**EXERCISE BRIEF**
Of the material below, only the lines from the line containing "В жаркие минуты боя..." down to the line containing "В суровые годы" belong in the answer, written out exactly.

**TASK INPUT**
*** Begin section ***

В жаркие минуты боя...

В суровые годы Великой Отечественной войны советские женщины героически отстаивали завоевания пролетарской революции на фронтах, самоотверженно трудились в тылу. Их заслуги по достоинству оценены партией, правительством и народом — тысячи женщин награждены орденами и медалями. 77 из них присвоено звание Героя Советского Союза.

*** End section ***
*** Begin section ***

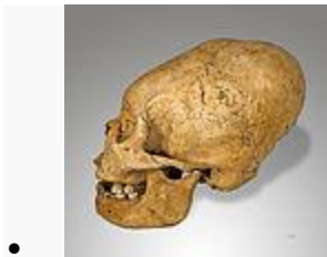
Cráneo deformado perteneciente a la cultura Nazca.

*** End section ***

**EXPECTED OUTPUT**
В жаркие минуты боя...

В суровые годы Великой Отечественной войны советские женщины героически отстаивали завоевания пролетарской революции на фронтах, самоотверженно трудились в тылу. Их заслуги по достоинству оценены партией, правительством и народом — тысячи женщин награждены орденами и медалями. 77 из них присвоено звание Героя Советского Союза.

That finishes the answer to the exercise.